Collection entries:
· · · ·
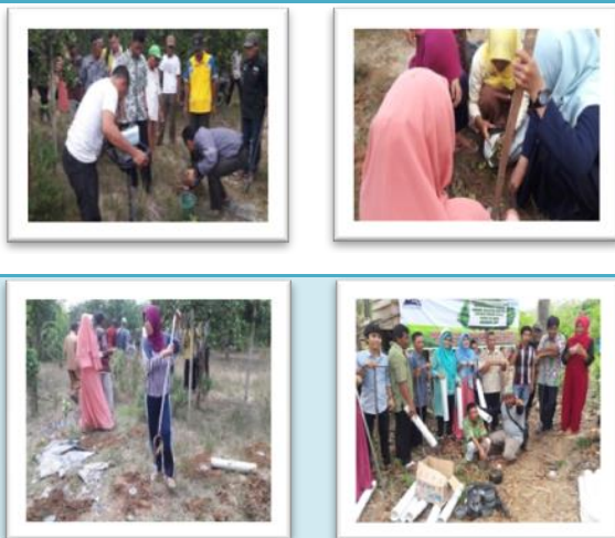
Gambar 7. Penerapan demoplot Lubang Resapan Biopori

Lubang biopori tersebut dibuat berdiameter 15cm dan kedalaman 40-100 cm. Hal ini bertujuan agar fauna tanah dapat mendekomposisi sampah organik yang dimasukkan ke dalam lubang. Setelah lubang selesai dibuat, karena lokasi pembuatan berada di kebun petani jeruk, dan di lokasi tersebut banyak sekali sampah berupa daun-daun tebu kering, buah-buah jeruk yang busuk dan telah jatuh dari pohonnya, serta sampah dapur yang sengaja dibawa oleh warga. Selanjutnya lubang ditutup dengan penutup yang berlubang (dop pipa) untuk tempat masuknya air hujan. Tutup lubang yang digunakan terbuat dari paralon.
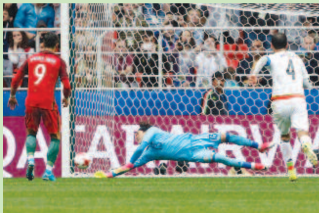
Guillermo Ochoa mexikói kapus kivédi a portugál Andre Silva (b) 11-esét a labdarúgó Konföderációs Kupa harmadik helyéért játszott Portugália – Mexikó mérkőzésen a moszkvai Szpartak Stadionban 2017. július 2-án.

Az eredmény: Konföderációs Kupa, bronzmérkőzés: Portugália – Mexikó 2-1 (0-0, 1-1, 2-1). Gólszerzők: Pepe (90+1.), Silva (104., 11-esből), illetve Neto (54., öngól). Kiállítva: Smedo (106.), illetve Jimenez (112.).
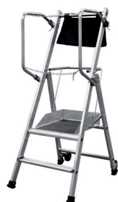
T.REX - 2 MARCHES H. travail maxi : 2,50 m
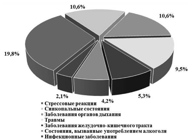
Рис. 2. Структура причин вызовов медицинских работников на борт воздушного судна в Республике Беларусь в 2017 году [Отчет о работе ГУ «Медицинская служба гражданской авиации» за 2017 год]

Дежурная смена здравпункта ГУ «Медицинская служба гражданской авиации», расположенного на территории РУП «Национальный аэропорт Минск», для оказания медицинской помощи пассажирам вызывалась на борт воздушного судна 106 раз.
· · · ·
== Task ==
All preceding records should be duplicated verbatim, images excepted.

== Answer for the task ==
Gambar 7. Penerapan demoplot Lubang Resapan Biopori

Lubang biopori tersebut dibuat berdiameter 15cm dan kedalaman 40-100 cm. Hal ini bertujuan agar fauna tanah dapat mendekomposisi sampah organik yang dimasukkan ke dalam lubang. Setelah lubang selesai dibuat, karena lokasi pembuatan berada di kebun petani jeruk, dan di lokasi tersebut banyak sekali sampah berupa daun-daun tebu kering, buah-buah jeruk yang busuk dan telah jatuh dari pohonnya, serta sampah dapur yang sengaja dibawa oleh warga. Selanjutnya lubang ditutup dengan penutup yang berlubang (dop pipa) untuk tempat masuknya air hujan. Tutup lubang yang digunakan terbuat dari paralon.
Guillermo Ochoa mexikói kapus kivédi a portugál Andre Silva (b) 11-esét a labdarúgó Konföderációs Kupa harmadik helyéért játszott Portugália – Mexikó mérkőzésen a moszkvai Szpartak Stadionban 2017. július 2-án.

Az eredmény: Konföderációs Kupa, bronzmérkőzés: Portugália – Mexikó 2-1 (0-0, 1-1, 2-1). Gólszerzők: Pepe (90+1.), Silva (104., 11-esből), illetve Neto (54., öngól). Kiállítva: Smedo (106.), illetve Jimenez (112.).
T.REX - 2 MARCHES H. travail maxi : 2,50 m
Рис. 2. Структура причин вызовов медицинских работников на борт воздушного судна в Республике Беларусь в 2017 году [Отчет о работе ГУ «Медицинская служба гражданской авиации» за 2017 год]

Дежурная смена здравпункта ГУ «Медицинская служба гражданской авиации», расположенного на территории РУП «Национальный аэропорт Минск», для оказания медицинской помощи пассажирам вызывалась на борт воздушного судна 106 раз.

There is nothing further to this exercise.